_Exercise_.
Could you transcribe every record below exactly, leaving out the pictures?

Dataset entries:
____

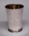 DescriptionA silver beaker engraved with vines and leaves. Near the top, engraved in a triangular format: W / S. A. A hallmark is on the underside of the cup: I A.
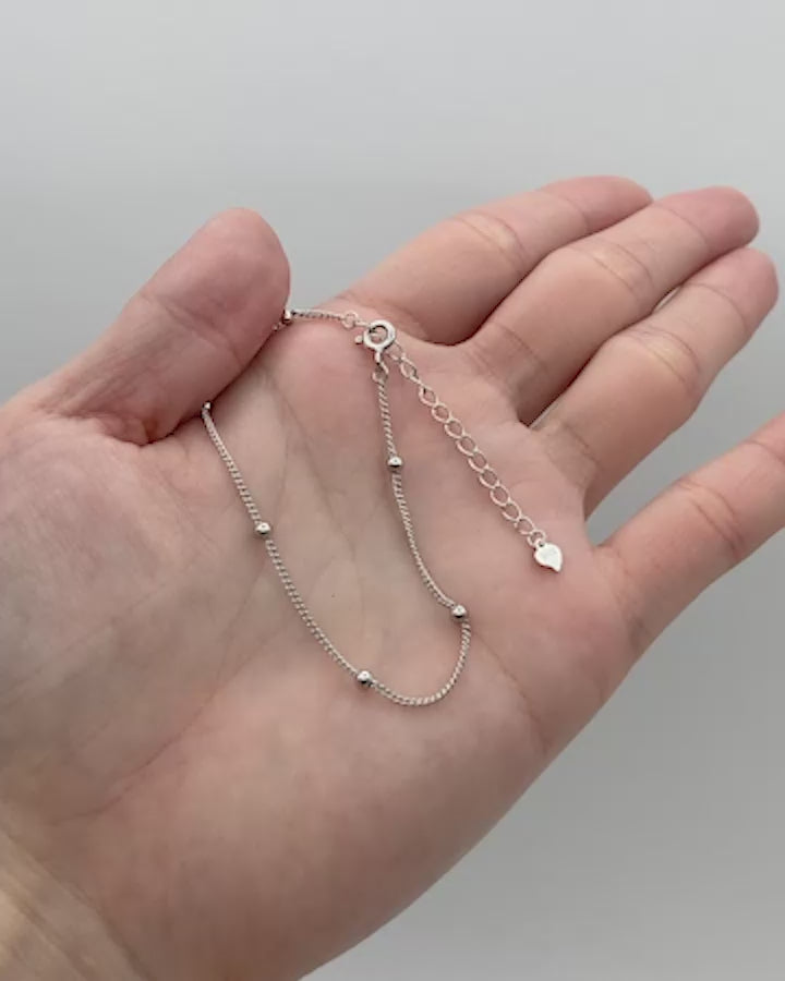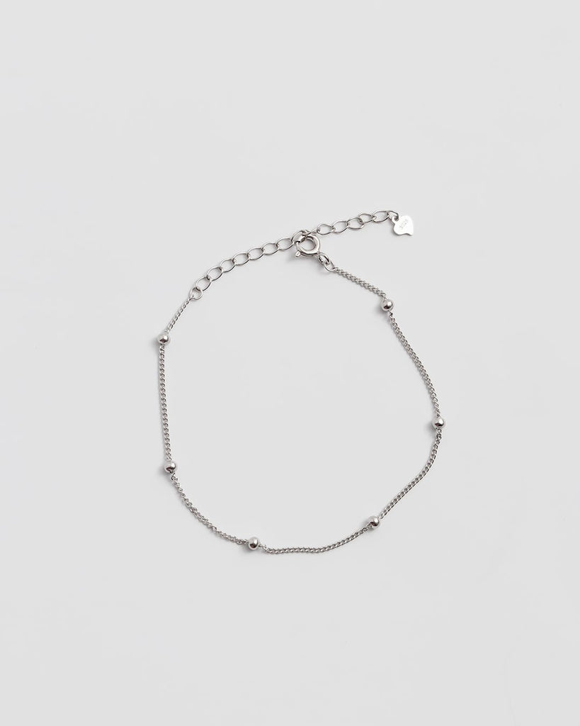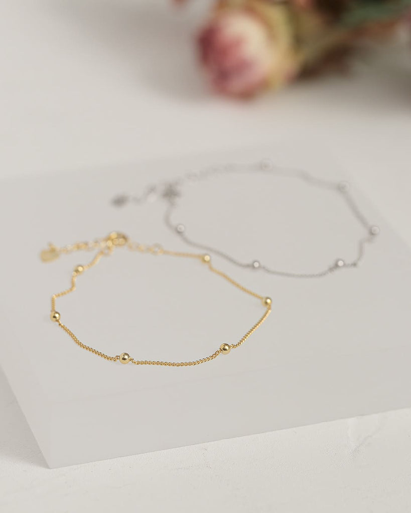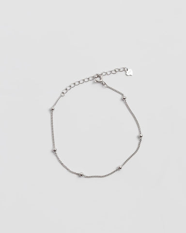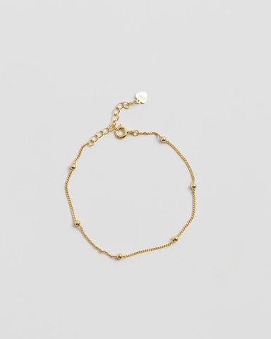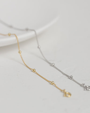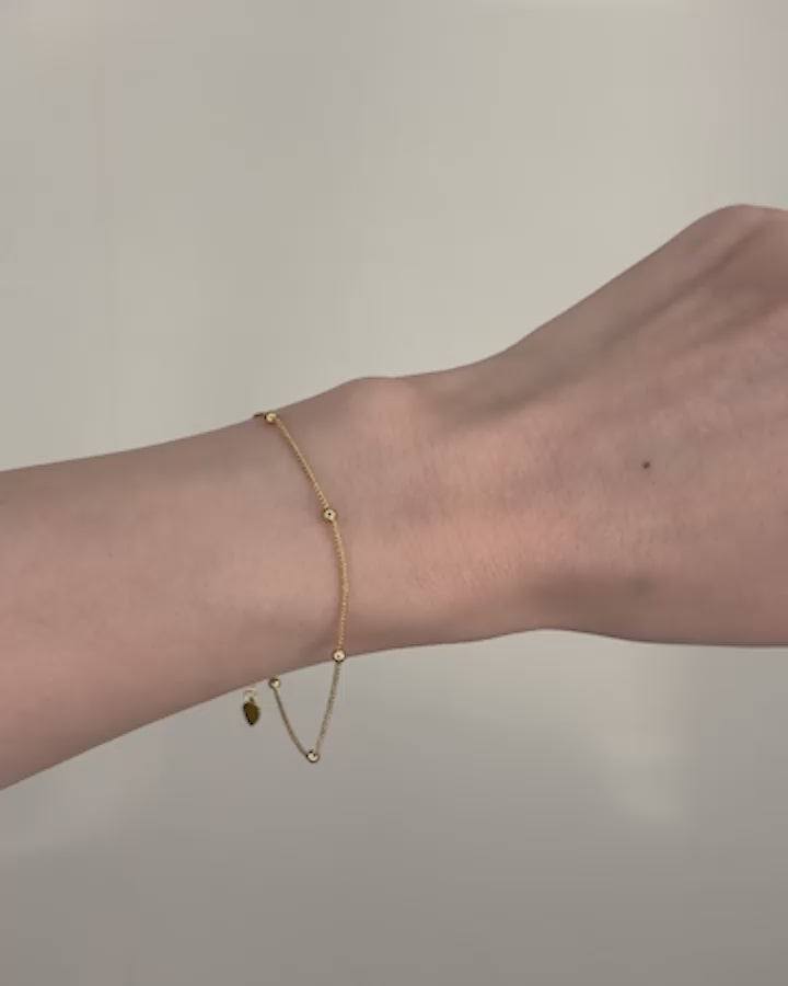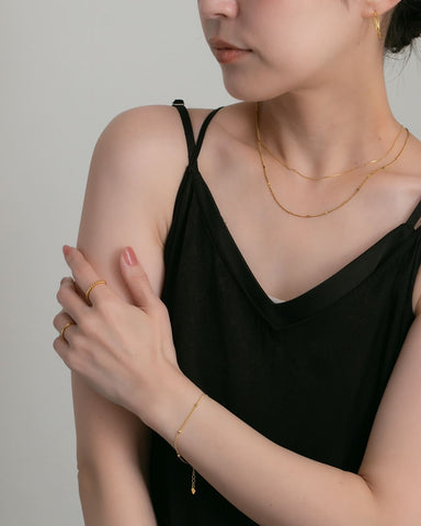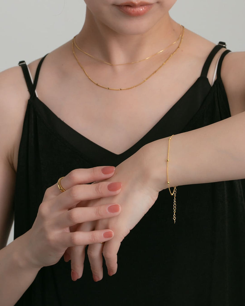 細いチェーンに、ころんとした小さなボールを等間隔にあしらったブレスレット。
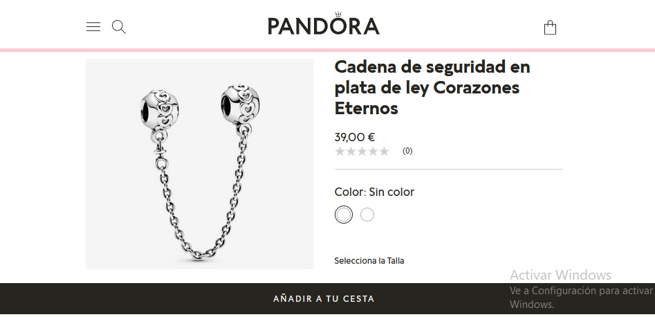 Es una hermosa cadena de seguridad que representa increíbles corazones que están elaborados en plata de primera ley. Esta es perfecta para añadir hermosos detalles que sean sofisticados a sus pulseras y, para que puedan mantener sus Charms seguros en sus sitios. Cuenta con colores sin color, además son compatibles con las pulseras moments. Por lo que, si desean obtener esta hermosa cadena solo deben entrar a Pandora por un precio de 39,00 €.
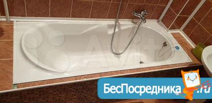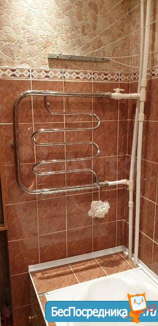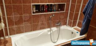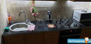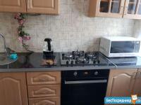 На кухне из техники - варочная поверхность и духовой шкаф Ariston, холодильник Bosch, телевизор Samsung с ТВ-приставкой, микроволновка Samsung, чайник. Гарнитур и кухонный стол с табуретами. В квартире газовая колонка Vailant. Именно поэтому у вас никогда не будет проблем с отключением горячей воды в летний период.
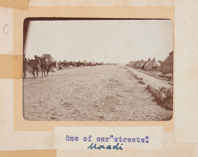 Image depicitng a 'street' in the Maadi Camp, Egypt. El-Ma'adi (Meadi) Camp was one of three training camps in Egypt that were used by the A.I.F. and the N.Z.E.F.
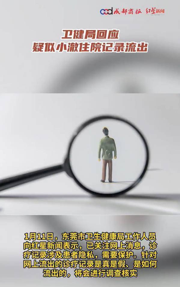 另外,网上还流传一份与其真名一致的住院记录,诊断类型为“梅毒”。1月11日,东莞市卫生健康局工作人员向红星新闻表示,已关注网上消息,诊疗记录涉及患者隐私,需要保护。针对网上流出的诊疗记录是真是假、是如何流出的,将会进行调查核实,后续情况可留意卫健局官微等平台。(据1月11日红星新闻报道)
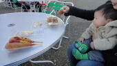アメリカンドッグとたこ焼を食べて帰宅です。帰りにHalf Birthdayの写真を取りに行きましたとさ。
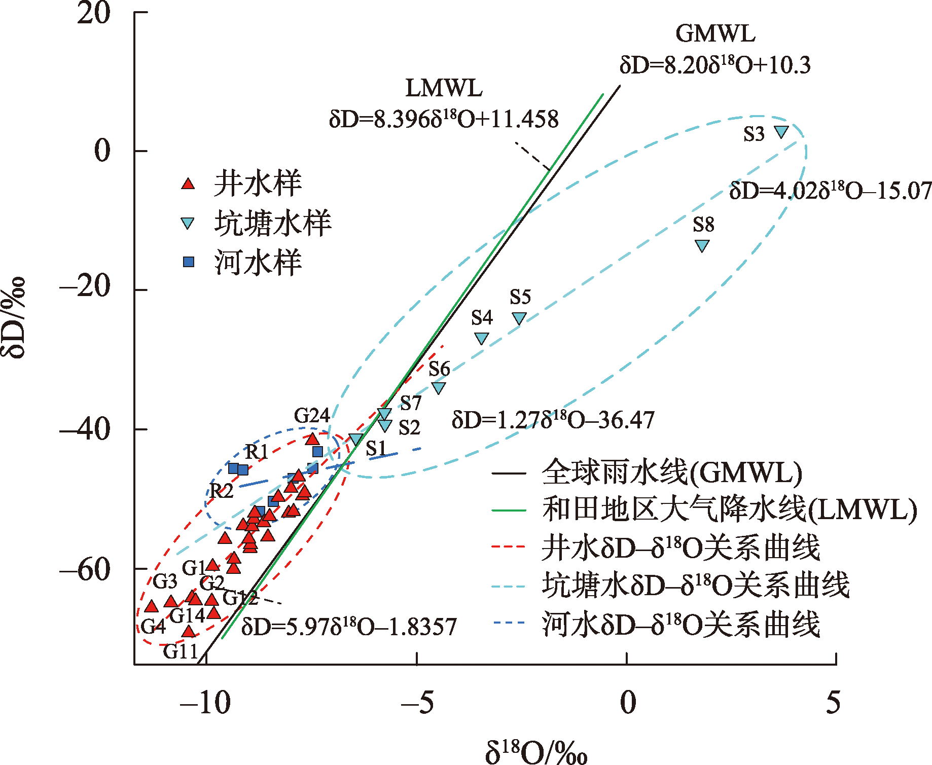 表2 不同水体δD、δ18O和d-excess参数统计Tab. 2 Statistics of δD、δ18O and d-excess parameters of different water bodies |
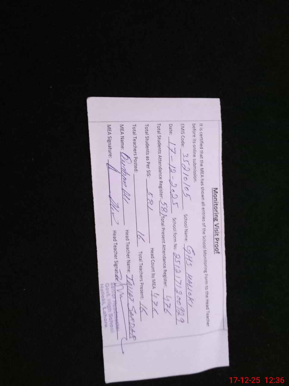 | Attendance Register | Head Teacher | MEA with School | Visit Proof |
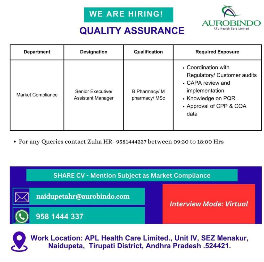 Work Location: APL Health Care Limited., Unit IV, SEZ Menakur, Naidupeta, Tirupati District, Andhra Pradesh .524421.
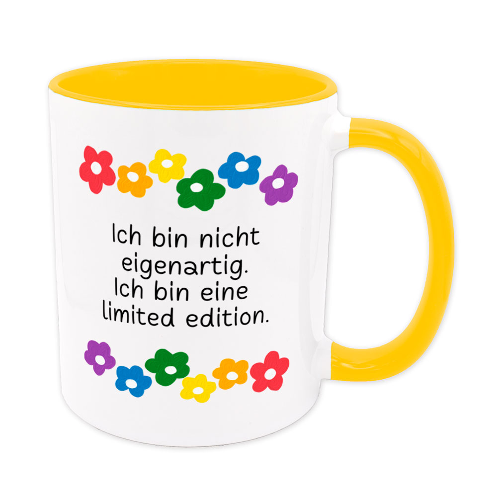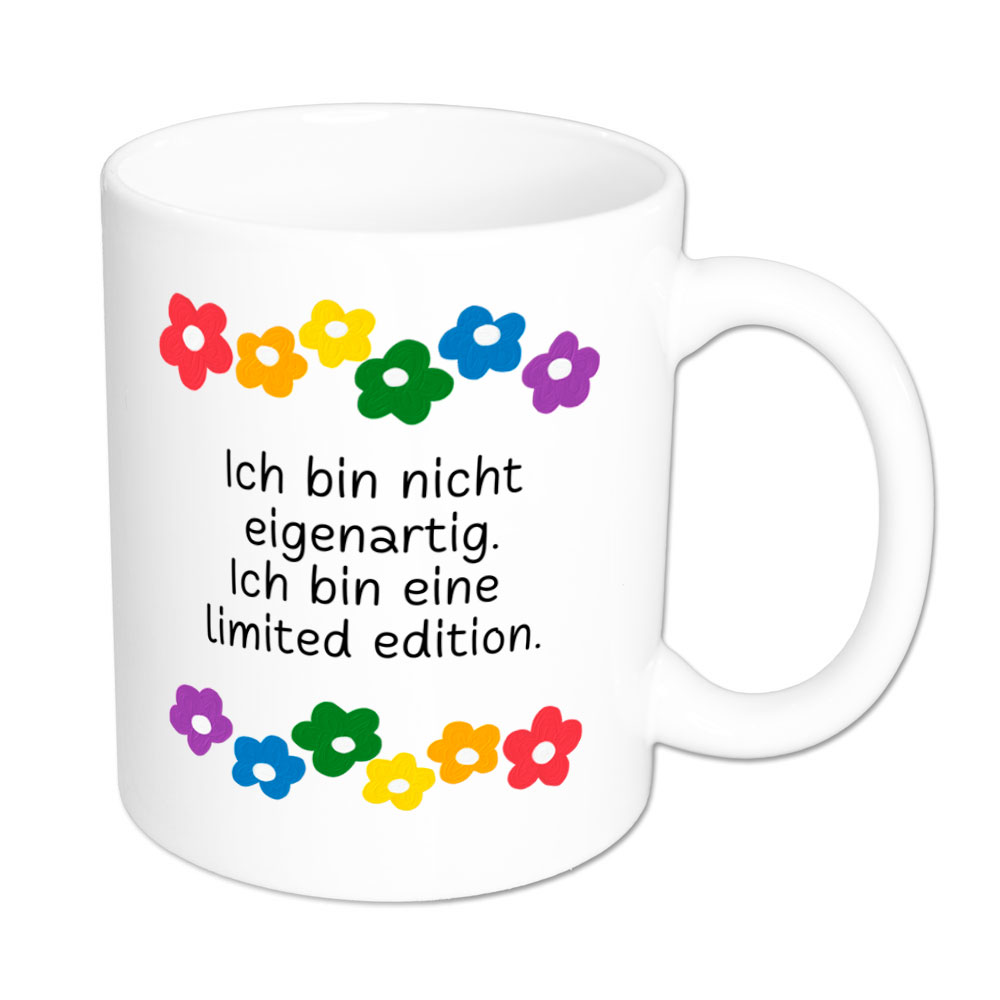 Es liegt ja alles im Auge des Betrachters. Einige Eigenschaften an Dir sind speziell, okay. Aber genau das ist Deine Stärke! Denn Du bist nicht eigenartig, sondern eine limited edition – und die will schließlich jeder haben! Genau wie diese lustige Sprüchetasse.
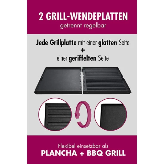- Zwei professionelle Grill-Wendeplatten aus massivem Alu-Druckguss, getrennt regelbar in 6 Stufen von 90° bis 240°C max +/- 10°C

____

_Exercise result_.
 DescriptionA silver beaker engraved with vines and leaves. Near the top, engraved in a triangular format: W / S. A. A hallmark is on the underside of the cup: I A.
 細いチェーンに、ころんとした小さなボールを等間隔にあしらったブレスレット。
 Es una hermosa cadena de seguridad que representa increíbles corazones que están elaborados en plata de primera ley. Esta es perfecta para añadir hermosos detalles que sean sofisticados a sus pulseras y, para que puedan mantener sus Charms seguros en sus sitios. Cuenta con colores sin color, además son compatibles con las pulseras moments. Por lo que, si desean obtener esta hermosa cadena solo deben entrar a Pandora por un precio de 39,00 €.
 На кухне из техники - варочная поверхность и духовой шкаф Ariston, холодильник Bosch, телевизор Samsung с ТВ-приставкой, микроволновка Samsung, чайник. Гарнитур и кухонный стол с табуретами. В квартире газовая колонка Vailant. Именно поэтому у вас никогда не будет проблем с отключением горячей воды в летний период.
 Image depicitng a 'street' in the Maadi Camp, Egypt. El-Ma'adi (Meadi) Camp was one of three training camps in Egypt that were used by the A.I.F. and the N.Z.E.F.
 另外,网上还流传一份与其真名一致的住院记录,诊断类型为“梅毒”。1月11日,东莞市卫生健康局工作人员向红星新闻表示,已关注网上消息,诊疗记录涉及患者隐私,需要保护。针对网上流出的诊疗记录是真是假、是如何流出的,将会进行调查核实,后续情况可留意卫健局官微等平台。(据1月11日红星新闻报道)
アメリカンドッグとたこ焼を食べて帰宅です。帰りにHalf Birthdayの写真を取りに行きましたとさ。
 表2 不同水体δD、δ18O和d-excess参数统计Tab. 2 Statistics of δD、δ18O and d-excess parameters of different water bodies |
 | Attendance Register | Head Teacher | MEA with School | Visit Proof |
 Work Location: APL Health Care Limited., Unit IV, SEZ Menakur, Naidupeta, Tirupati District, Andhra Pradesh .524421.
 Es liegt ja alles im Auge des Betrachters. Einige Eigenschaften an Dir sind speziell, okay. Aber genau das ist Deine Stärke! Denn Du bist nicht eigenartig, sondern eine limited edition – und die will schließlich jeder haben! Genau wie diese lustige Sprüchetasse.
- Zwei professionelle Grill-Wendeplatten aus massivem Alu-Druckguss, getrennt regelbar in 6 Stufen von 90° bis 240°C max +/- 10°C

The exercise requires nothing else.